Another priority for the consortium, Riddick and Kirkman said, will be engaging companies in nanobiotech — both Triad-based companies such as Nanotech Labs and Quartek International, and other businesses looking to get into the field.
"Various industries will be enlisted as partners, and they will in some fashion pay for sponsored research that will leverage the university assets in support of their specific product requirements," Kirkman said.
Said Riddick: "The idea is to engage and characterize all of the companies we can fund that are working in this sector, and then really engage them in the process. There will be out of this center of innovation, a science advisory board. On that board will be researchers and academicians as well as industry folks to help chart the course of this."
Merrill said he and others involved with COIN hope that many of the spinouts grow to take space at Gateway: "We're really hopeful that through partnering, we'll be able to bring corporate partners into the facility that will want to be there because of the programs that we're offering, and because of the equipment that we'll have available. If we can attract a good group of corporate partners, that's one of those things that tends to snowball, and that's certainly what we're hoping for — that getting those kinds of folks in there will attract other folks who will want to come and work with us as well."
COIN is being housed temporarily at the Piedmont Triad Partnership's offices in Greensboro. A permanent home base has yet to be decided, though Kirkman said: "I anticipate this COIN initiative would be spun out from our offices and would operate independently or autonomously — we certainly would want to continue to interface with that, but I see our role diminishing once it is established and operating as an independent entity."
Most likely, Riddick said," the center itself is going to be pretty much virtual for a while. It's a facilitating organization that's going to be working with the technology transfer offices across the state in the different universities to move this technology into the marketplace. A physical location is not that important to us right now."
Once the center is up and running, "we would not anticipate more than a couple of folks. It's going to be a very lean. It's going to rely on collaboration, rather than a huge staff of people," Riddick said. "Collaborating and getting people to the table from all these different sectors of industry and research is going to be the real secret ingredient, so to speak."
The academic side of that collaboration, he added, will begin with the universities in the Piedmont region, "and then expanding across the state to all of the universities that are working in this sector."

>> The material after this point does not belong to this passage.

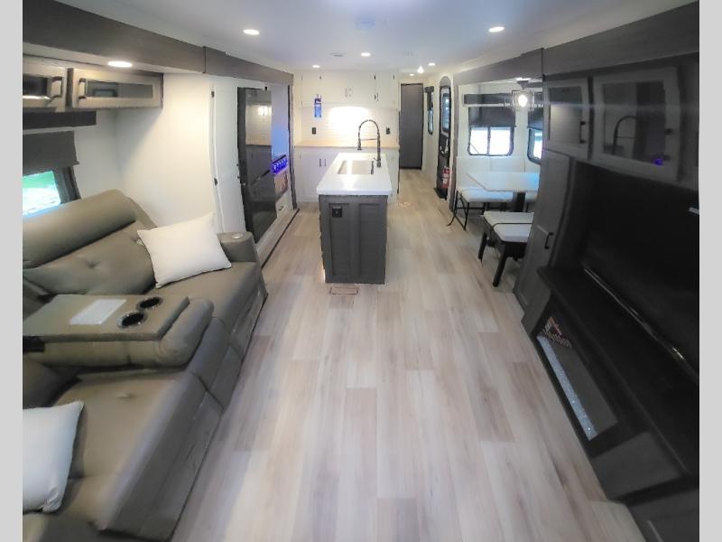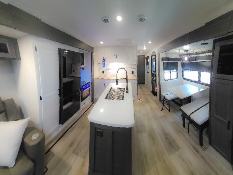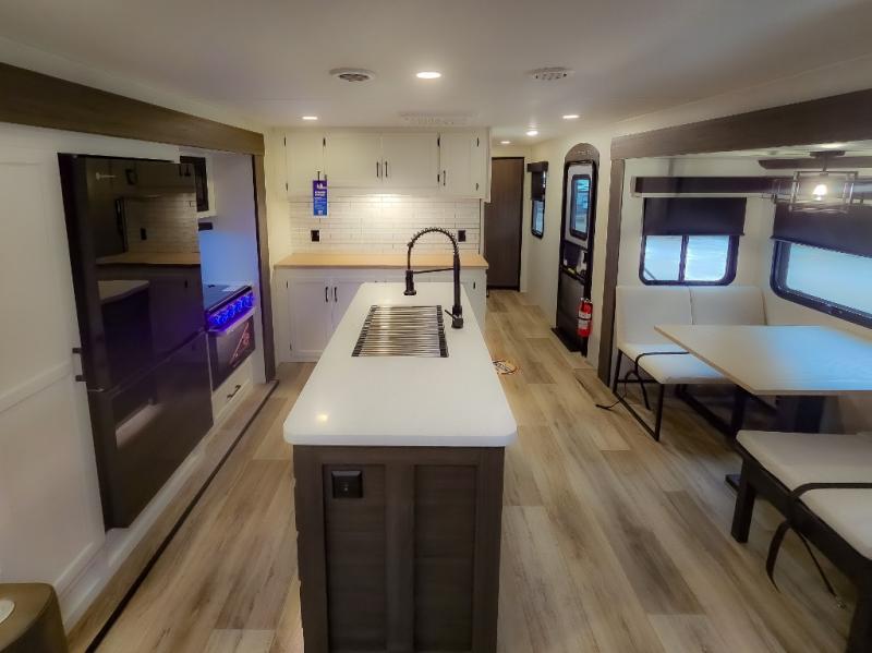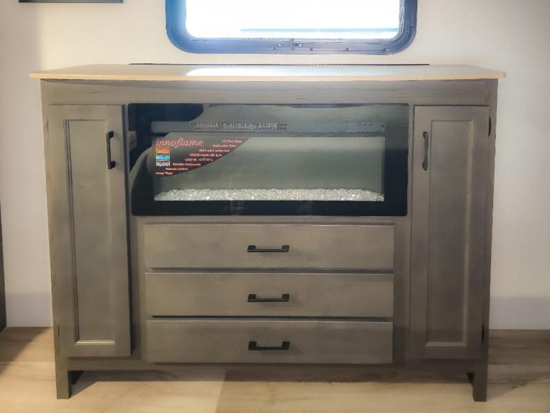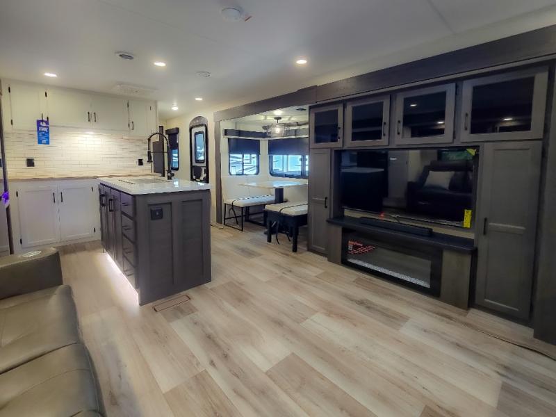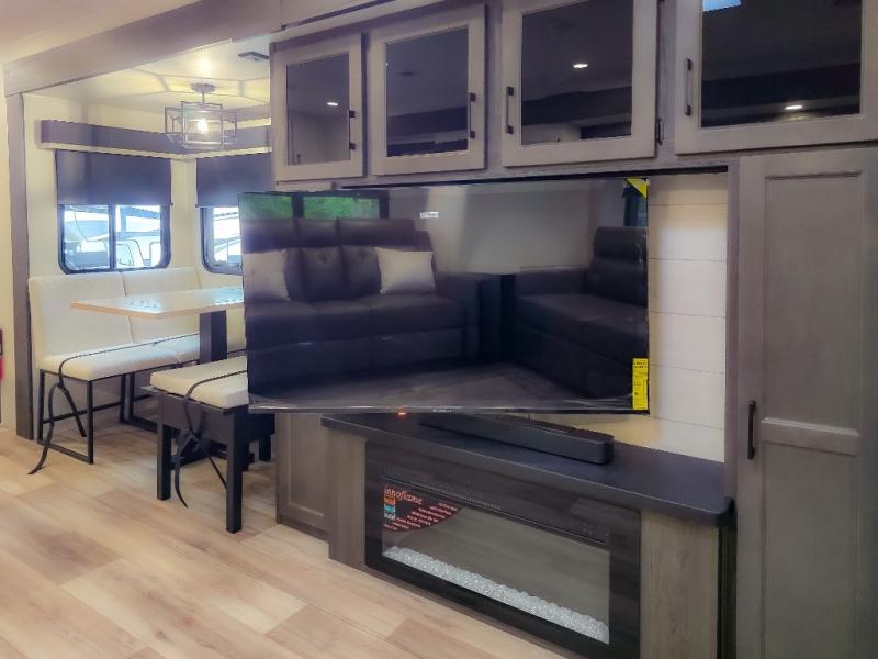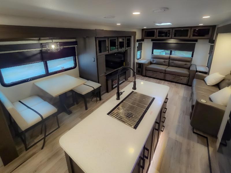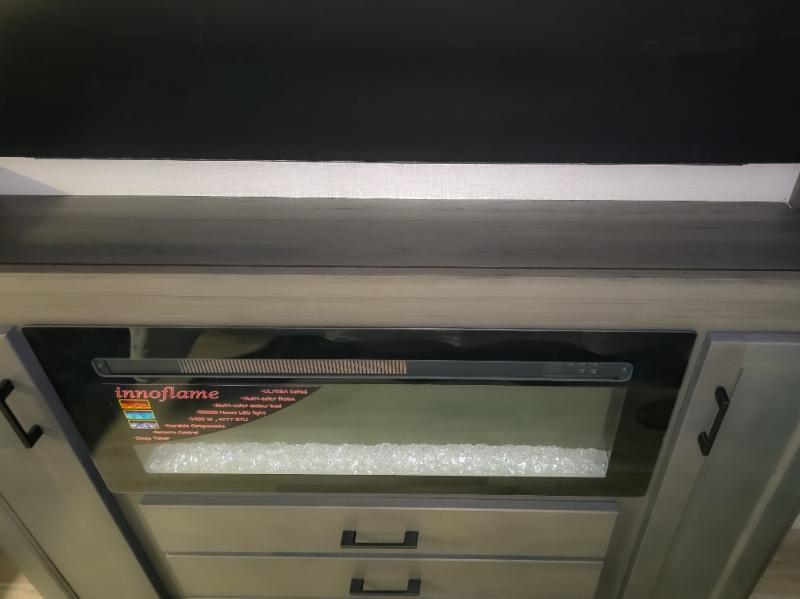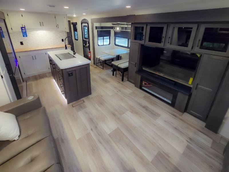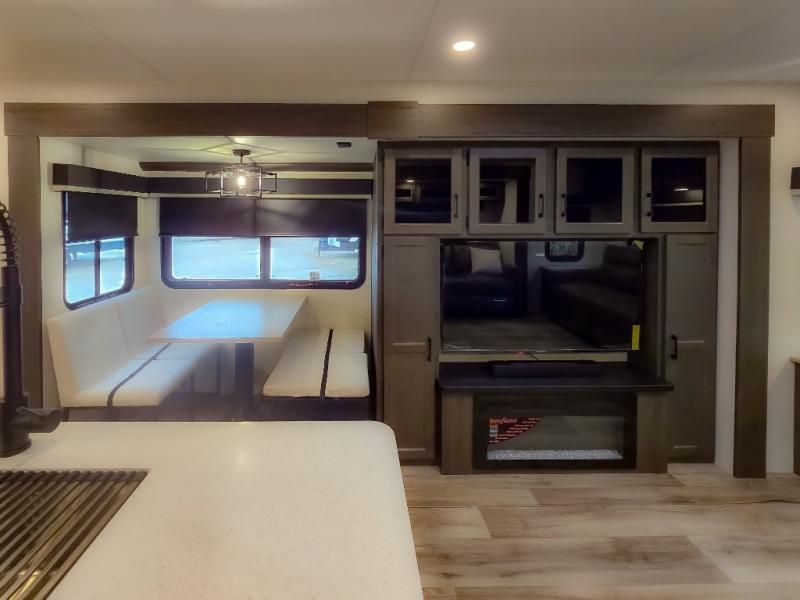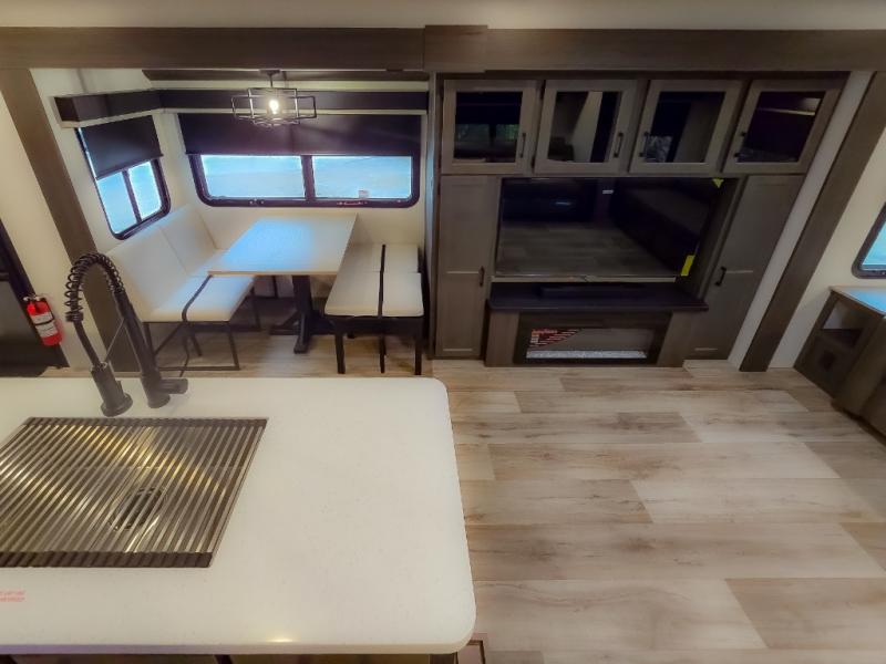 Pack your bags and hitch up this travel trailer for a great weekend camping trip! The front private bedroom has a 70" x 80" Sleep Tight king bed slide to lay your head at night, a dresser with a 30" frameless fireplace, a window seat with shelves on either side for your books, and a wardrobe with washer and dryer prep. Freshen up each morning in the full bathroom with the 30" x 36" shower then head to the kitchen to fry up some eggs on the three burner cooktop and pour a cold glass of orange juice stored in the 10 cu. ft. refrigerator. The kitchen island will make your meal prepping easier and the table and chairs offer a comfortable place to enjoy your meals or play card games. You could even cook your meals at the exterior campfire café and set up a table underneath one of the two power awnings!

COIN is one of four centers of innovation carrying out first-phase planning through grants from the NC Biotechnology Center. The other three are the Advanced Medical Technology Center of Innovation, the Marine Biotechnology Center of Innovation, and the Bent Creek Center of Innovation for Natural Biotechnology & Integrative Medicine. Links to all three are available here.
The four are among nine centers of innovation that the NC biotech center plans to create through 2012 by working with university researchers, technology transfer offices, industrial partners, non-profit stakeholders, regional and state-wide community leaders.
"Future Centers of Innovation will boost other industries that rely on biotechnology for new ideas, better solutions and great competitiveness," the biotech center has stated on its web site.